Interruzione dei servizi nel mondo
I risultati evidenziano come oltre il 60% dei paesi ha segnalato interruzioni dei servizi di salute mentale per persone vulnerabili, inclusi bambini e adolescenti, anziani e donne che necessitano di aiuto prima o dopo il parto. Il 67% ha riscontrato interruzioni nella psicoterapia, il 45% al trattamento per la dipendenza da oppioidi. Il 35% ha segnalato interruzioni degli interventi di emergenza, compresi quelli per sindromi da astinenza e delirio. Il 30% ha avuto interruzioni nell’accesso ai farmaci per disturbi mentali.

Investire con la salute mentale: un trilione di dollari di produttività
Coloro che investono nella salute mentale, ricorda l’Oms in una nota, “ne raccoglieranno i frutti: quasi 1 trilione di dollari di produttività, infatti, vengono persi ogni anno nel mondo a causa di depressione e ansia”. Eppure da tempo questo settore è vittima di un “sottofinanziamento cronico”. “Già prima della pandemia, i paesi spendevano meno del 2% dei loro budget sanitari nazionali per la salute mentale e lottavano per soddisfare i bisogni delle loro popolazioni”. Ora il quadro sta peggiorando velocemente.
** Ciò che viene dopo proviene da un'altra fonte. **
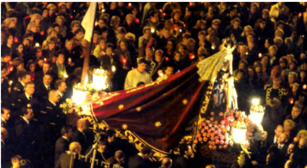
Procesión de La Dolorosa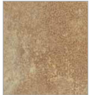
Fresko 51300 EP - 087 - IS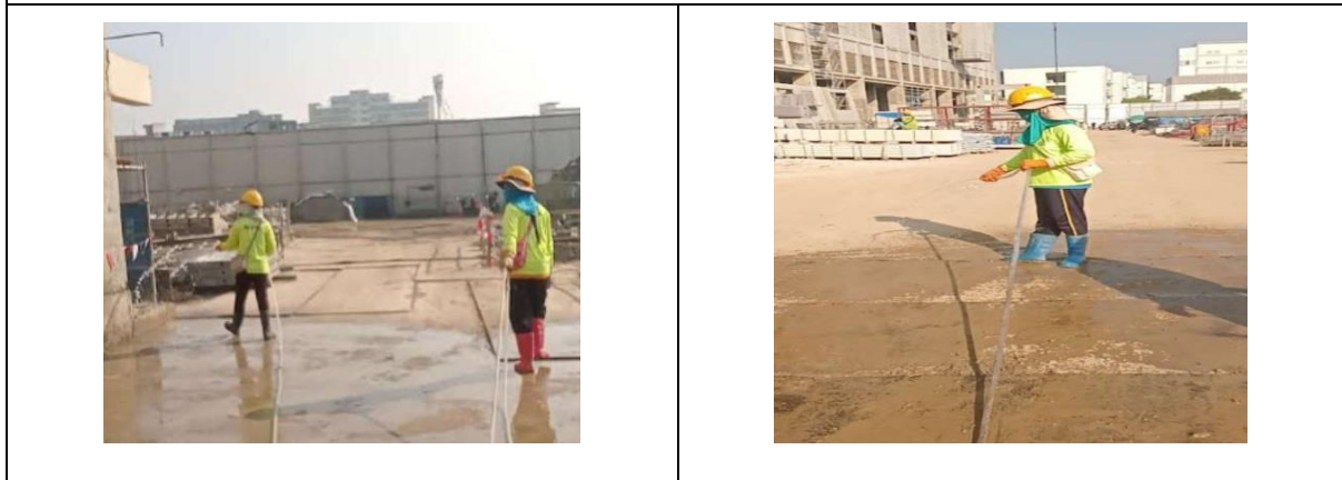
รูปที่ 12 การฉีดพรมน้ำภายในพื้นที่โครงการ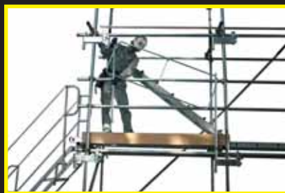
クサビ解除後支柱を抜き上層の金具に取付けます。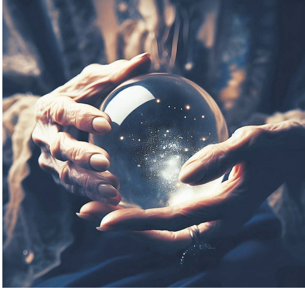
Für Zukunftsprognosen hat die Glaskugel längst ausgedient und ist mehr ein Jahrmarktgimmick als präzises Instrument. Dank neuer Künstlicher Intelligenzen, von denen die Redaktion auf verschlungenen Wegen an eines der besten Modelle geraten ist, lässt sich heute wesentlich mehr Präzision erwarten.

Pfungstadt. Politischer Paukenschlag in Pfungstadt. Nachdem bei der Bundestagswahl im Februar die FDP mit kläglichem drei Prozent Wählerstimmen aus dem Plenum geflogen ist, überrascht deren – weiterhin an seinem Stuhl klebende – Bundesvorsitzende Christian Lindner alle mit seiner Kandidatur auf das Bürgermeisteramt der Mühlenmetropole. Zuvor war er in den Sozialen Netzwerken mit dem Tarnaccount „911Samsbar“ unterwegs gewesen und hatte umständlich die Präsentation des Polithammers in die Wege geleitet. Aus einigen internen Sitzungen seiner Wahlkampfmannschaft war die Botschaft jedoch fix herausgesickert und so früh keine vertrauliche Botschaft mehr. Was der „Würger aus Wermelskirchen“, bezogen auf seinen strikten Sparkurs, genau mit der Bewerbung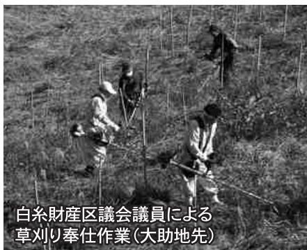
白糸財産区議会議員による草刈り奉仕作業(大助地先)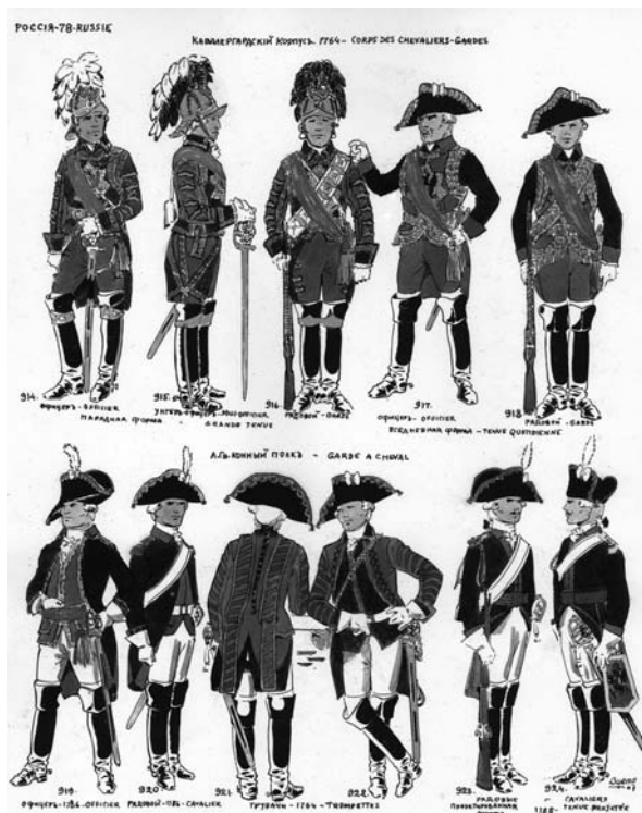
Иллюстрация из книги В.В. Звегинцова «Русская Армия. Часть 2-я. 1763–1796». Париж. 1969. Архив ДРЗ. Ф. 34. Прил. Музейное хранение. 34/6

надевшего погон родного полка, но всю жизнь прожившего под сенью его славного штандарта» 48 .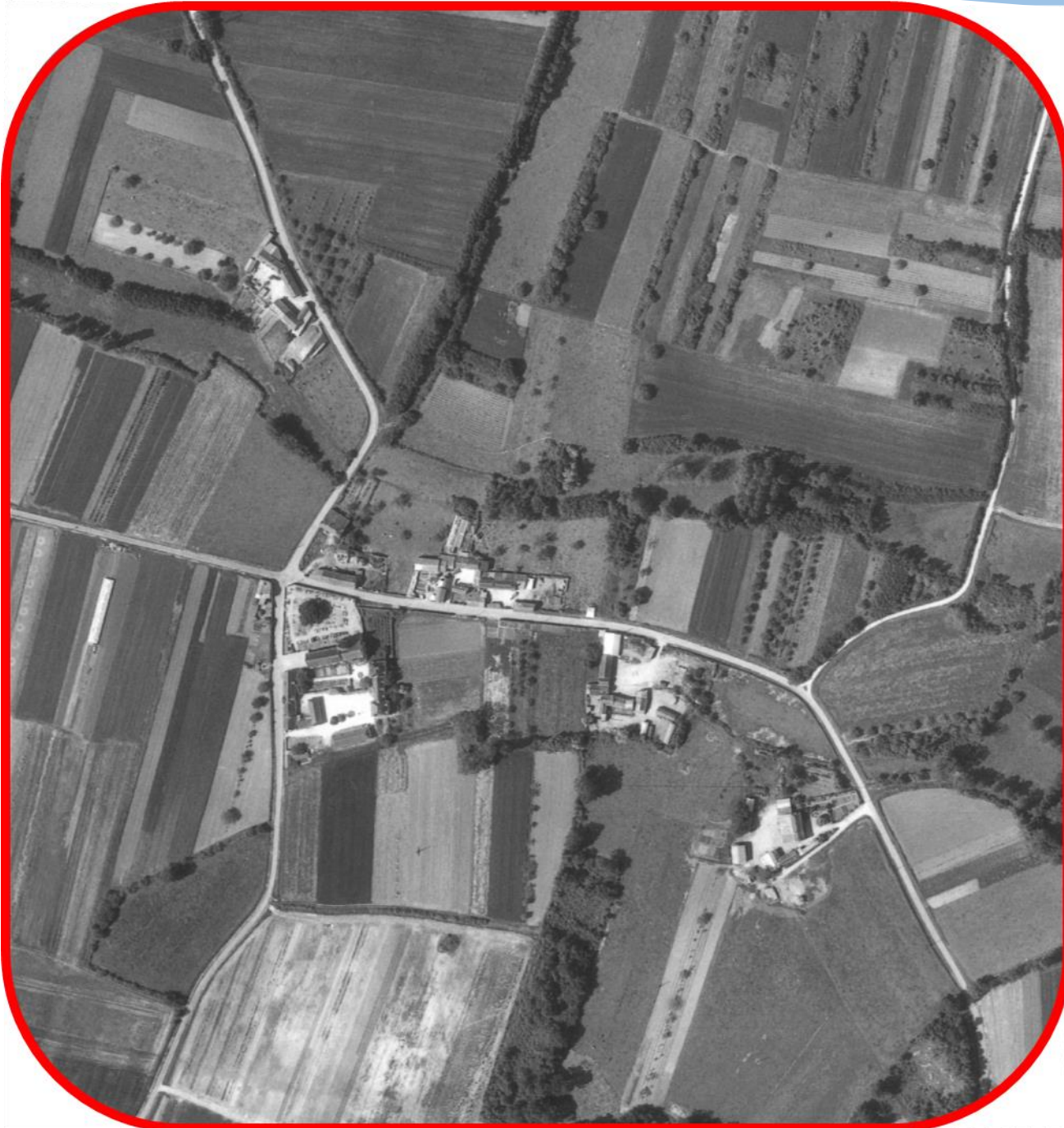
Le bourg de Cizay la Madeleine en 1967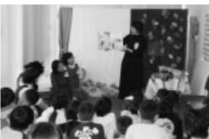
童話の会主催によるお話の広場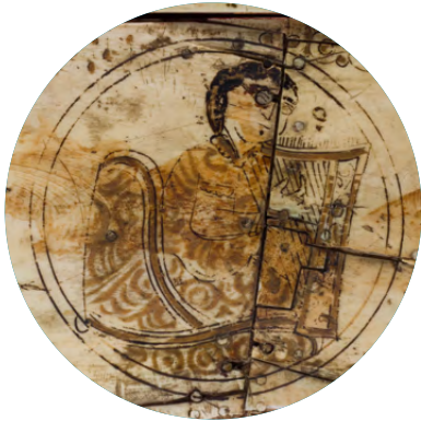
مربع عاج (تفاصيل)، القرن الثاني عشر، صقلية / إيطاليا

إبحثوا عن صورة وإسألوا أنفسكم، كيف كانت تسمع الموسيقى في ذلك الوقت، في أي مناسبة كانت تعزف؟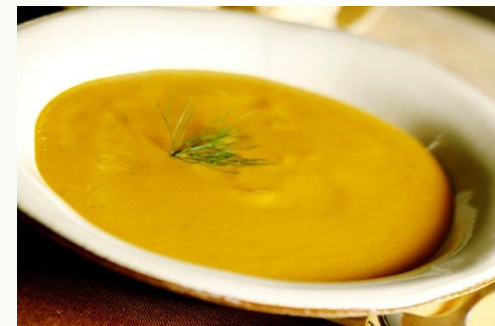
Sopa de legumes batida

RECEITAS DO CLAU. A proteína do frango é melhor que a do peixe? Disponível em: https://receitasdoclau.com.br/a-proteina-do-frango-e-melhor-que-a-do-peixe.html . Acesso em: 13 abr. 2026.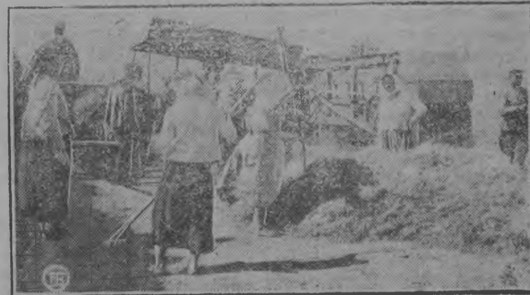
Украинаын выль вуэм юзэс вемеен кутсало.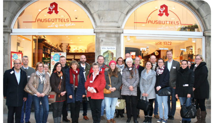
In der Busch-Apotheke in Brackwede und in Ausbüttels Apotheke in Dortmunds City starteten die Infoveranstaltungen für Berufsberater/innen.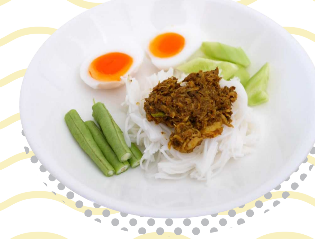
ภาคใต้ ปลา (ภาคใต้)

นิทรรศการ พิพิธอาเซียน ภาค 7 เส้นสำเรื่อง 08-60/No.07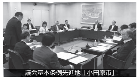
議会基本条例先進地「小田原市」

また、四日市市では、具体的な議員間討議を運用するにあたっての詳細な内容について調査し、議員間の議論は深まるがそれが市側に施策として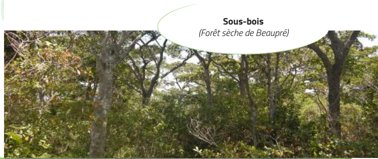
Sous-bois (Forêt sèche de Beaupré)

C'est aujourd'hui une petite forêt isolée, entourée de pâturages . Protégée depuis 2003, la forêt sèche (5 ha) se développe à l'abri des dégradations du bétail et des cerfs au sein d'une mise en défens de 9,5 ha.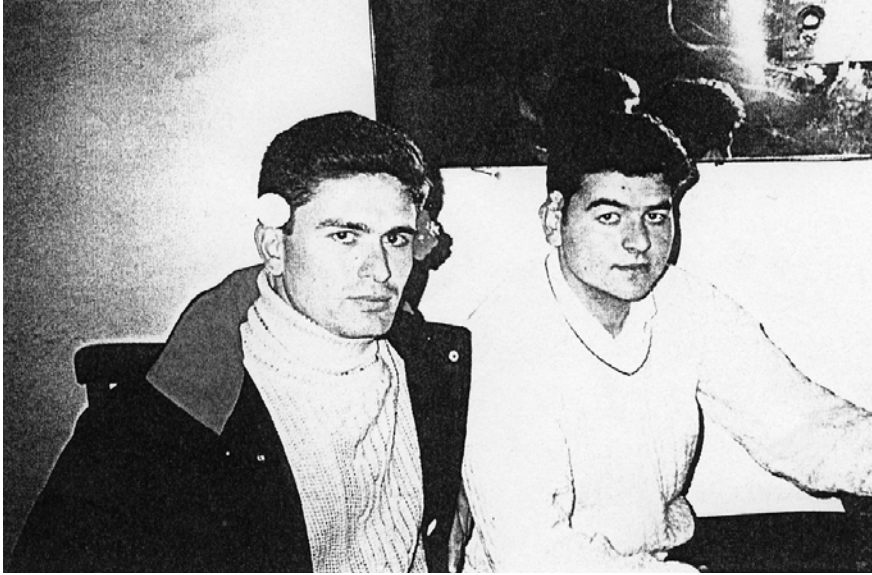
F.1. Yağşılar köyünden, nişanlı bir delikanlı (çift çiçekli=nişanlı) ile, Tekeler köyünden, sözlü bir delikanlı (tek yün çiçekli=sözlü) bir bayram günü Yağşılar köyü kahvesinde “muhabbet ederken”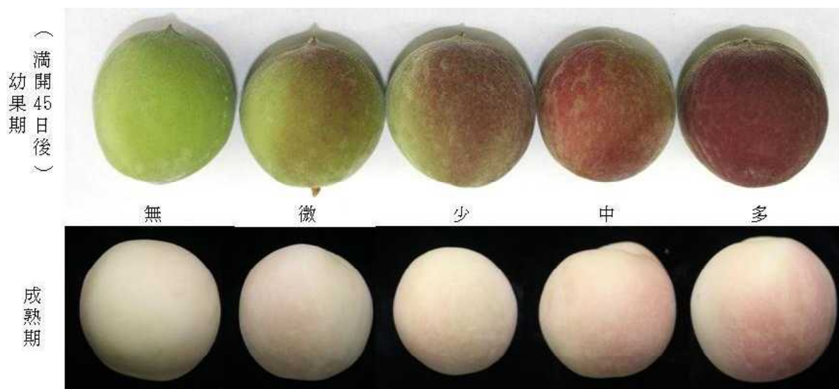
図1 幼果期の着色程度と成熟期の斑状着色程度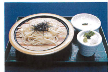
冷やし山かけうどん 写真はイメージです

※上記麺類はうどん・そばと同じ釜でゆがいております ※上記料金は消費税込みの料金となっております

Il Covid aumenta la domande dei servizi
Il coronavirus, conclude l’Oms, “sta aumentando la domanda di servizi di salute mentale. Il lutto, l’isolamento, la perdita di reddito e la paura stanno innescando condizioni di salute mentale o esacerbando quelle esistenti. Molte persone potrebbero affrontare un aumento del consumo di alcol e droghe, insonnia e ansia. Inoltre, lo stesso Covid-19 può portare a complicazioni neurologiche e mentali”.